Data information

The Nicotiana attenuata data hub (NaDH) combines different data sources for analyzing, such as genomic, transcriptomic and metabolimic data. Additionally, NaDH provides unique tools to analyze this large data sets. Here, we describe how the data was collected and how the analysis can be performed.

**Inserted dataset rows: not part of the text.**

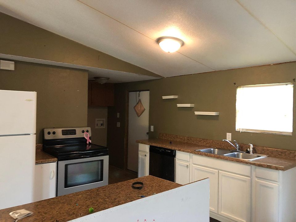 3 bedroom 2 bath double wide with fenced yard carport and shed.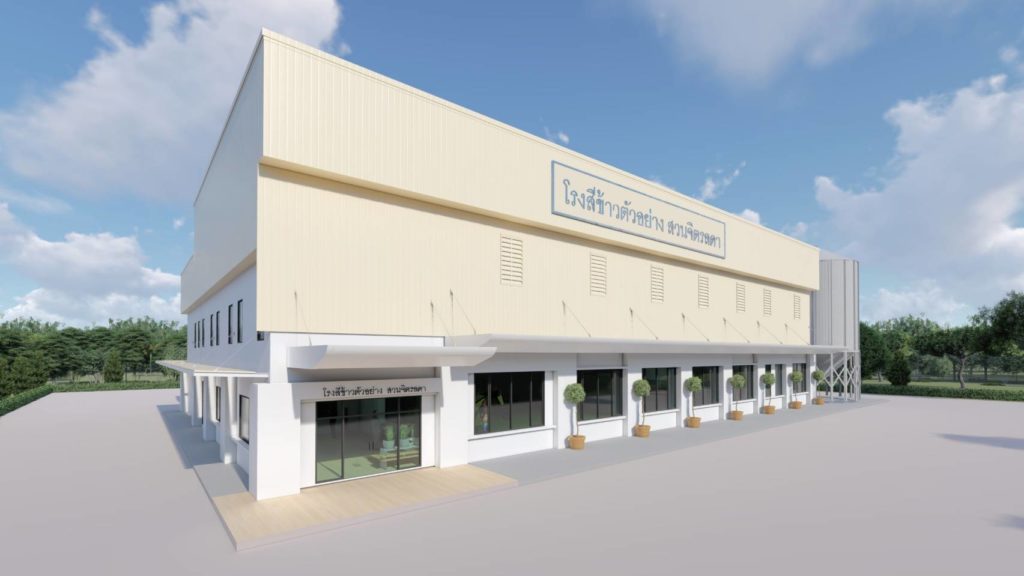 พระบาทสมเด็จพระบรมชนกาธิเบศร มหาภูมิพลอดุลยเดชมหาราช บรมนาถบพิตร โปรดเกล้าฯ ให้สร้างโรงสีข้าวตัวอย่าง สวนจิตรลดา ขึ้นในปีพุทธศักราช 2514 เพื่อศึกษาข้อมูลต่างๆ เกี่ยวกับการเก็บรักษาข้าวและการสีข้าวให้ได้ผลดี ปีพุทธศักราช 2562 มูลนิธิเจริญโภคภัณฑ์ น้อมเกล้าฯ ถวายการก่อสร้างอาคารโรงสีข้าวตัวอย่างแห่งใหม่ โดยการออกแบบโรงสีข้าวตัวอย่างนี้ เป็นไปตามมาตรฐานการผลิตของระบบ GMP เพื่อเป็นการสาธิตการผลิต ผลิตภัณฑ์จากข้าวให้ได้มาตรฐานที่ดีมีการจัดการอย่างเป็นระบบ โดยมีเทคโนโลยีที่ทันสมัย ไม่ก่อให้เกิดมลภาวะ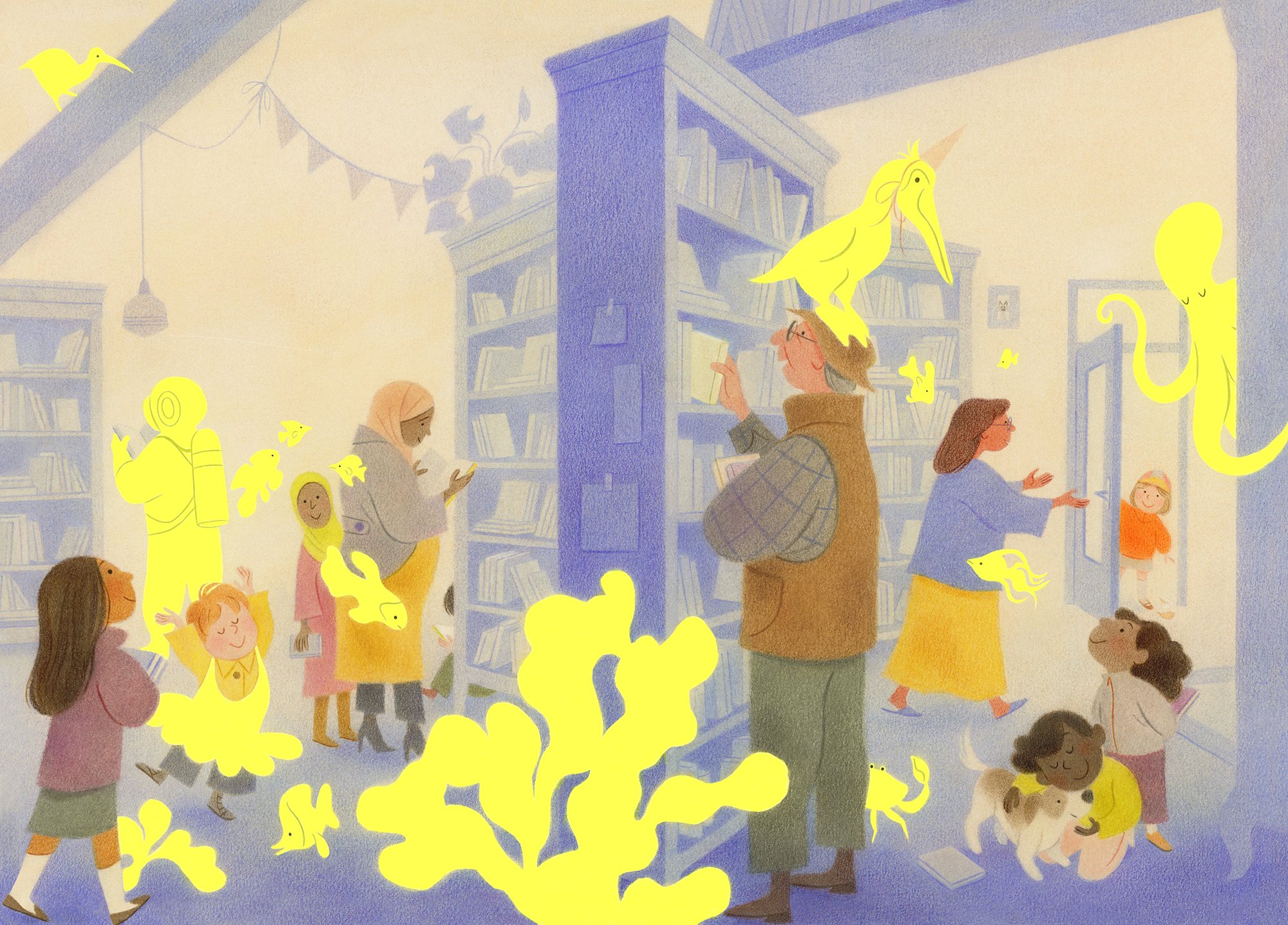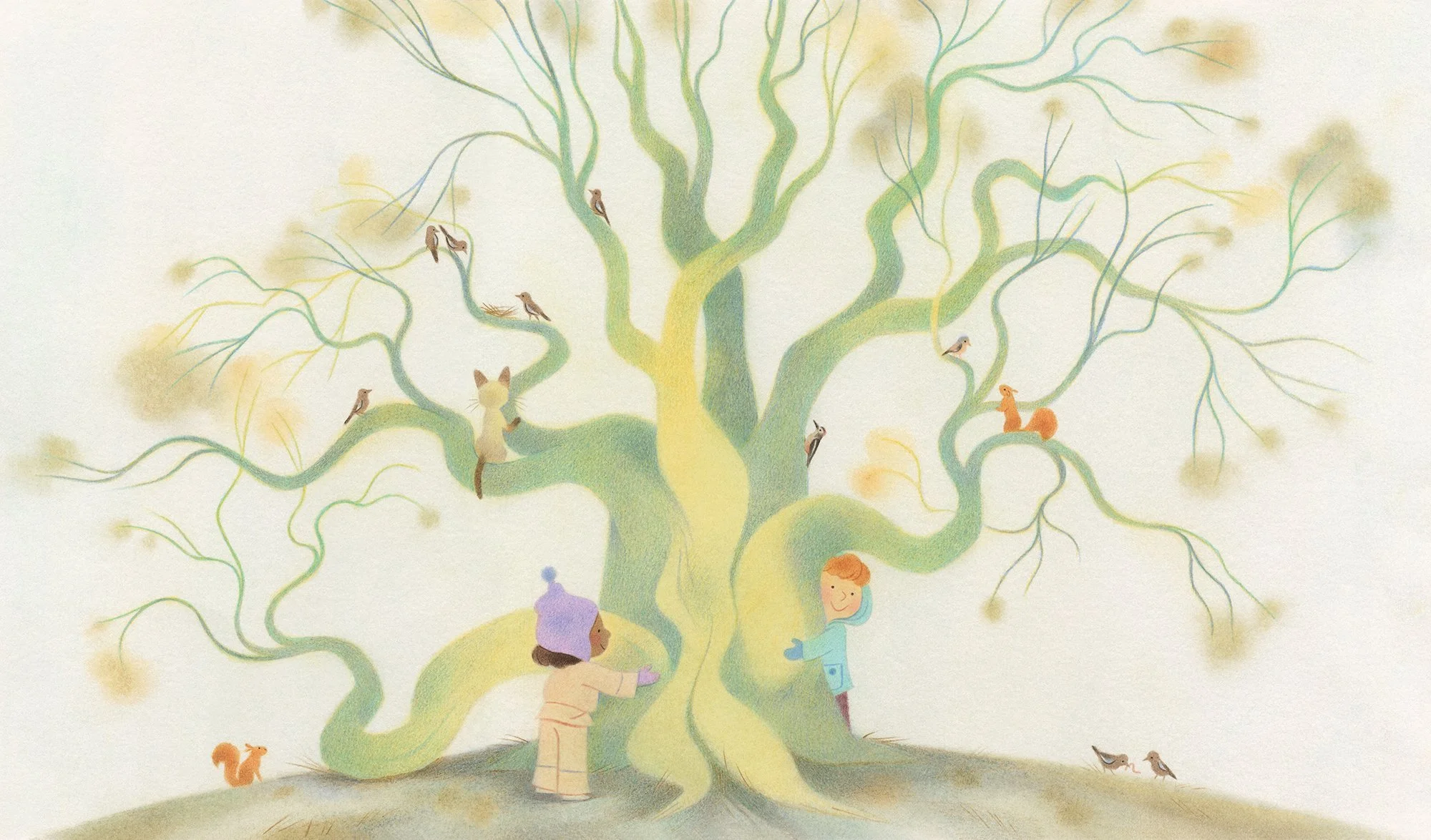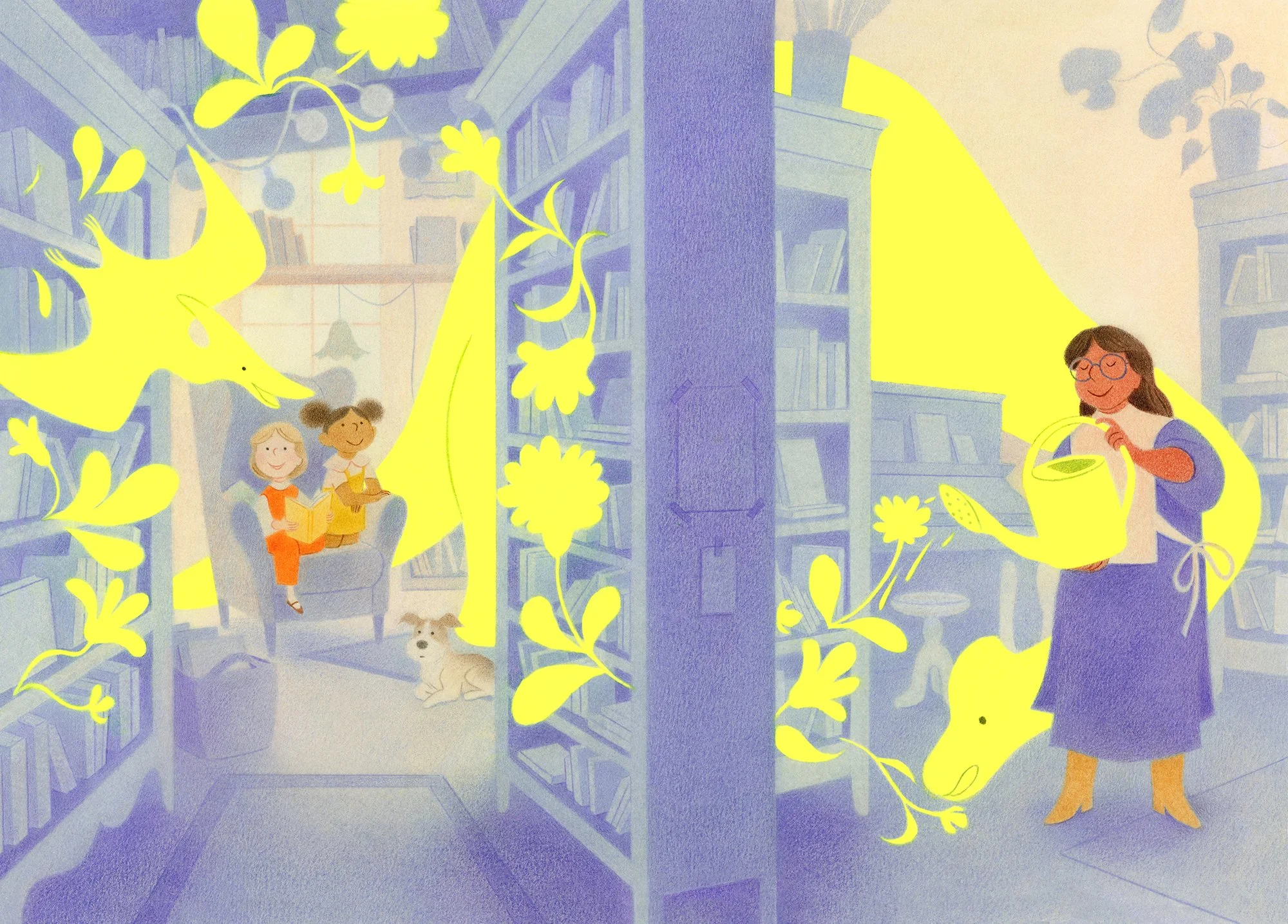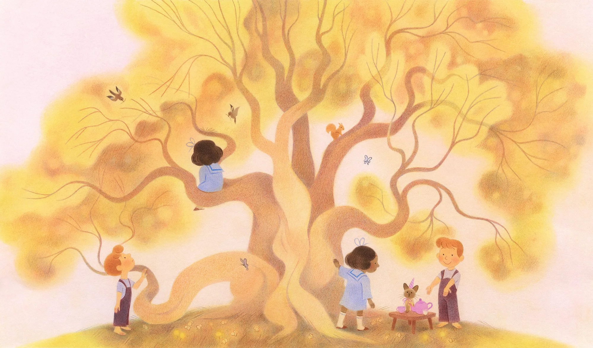 Geneviève works with traditional media, especially soft pastels and colored pencils, which she loves for their rich pigments, velvety textures, and the slow, intentional pace they require. Her illustrations focus as much on mood as on detail, often capturing moments of nostalgia, tenderness, and quiet wonder.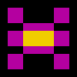 The spaceships and their missiles are represented by monochrome sprites (sprites 0 and 1 for friendly lasers, sprites 2 and 3 for enemy lasers, sprite 4 for the friendly spaceship, and sprites 5–7 for the attackers). Interestingly, the sprites in the game are consistently stretched to twice their original size in the X direction, so that while their definitions require little memory, the horizontal resolution is 2 pixels instead of 1. To detect collisions between the spaceship and its adversaries, and to detect laser projectile hits, the game relies on the collision detection of the VIC (registers $D01E and $D01F).

Genomic data (release version 2.0):

Genome:

Assembly version r2.0

For a detailed description about the assembly check the corresponding genome paper (manuscript in submission).

Gene annotation:

Genome annotation version r2.0

In total, 33,449 highly confidence gene models were predicted for N. attenuata. The functions of this genes were predicted using Blast2GO, InterProScan and MapMan. Additionally, a large set of gene models were manually corrected.

Phylogeny:

Genes of 11 published dicot species were clustered in homologous groups (HG) based on their sequence similarity. In total, all genes were clustered into 23,340 HG with at least two homolog sequences. The phylogenetic trees for all HG were constructed using an in-house build pipeline including PhyML and jModelTest. Furthermore, all these gene trees structures were analyzed to detect duplication events. This step was performed using the species-overlapping algorithm implemented in Notung 2.6 and post-processed using an in-house pipeline to detect the most recent gene duplication events with high support values.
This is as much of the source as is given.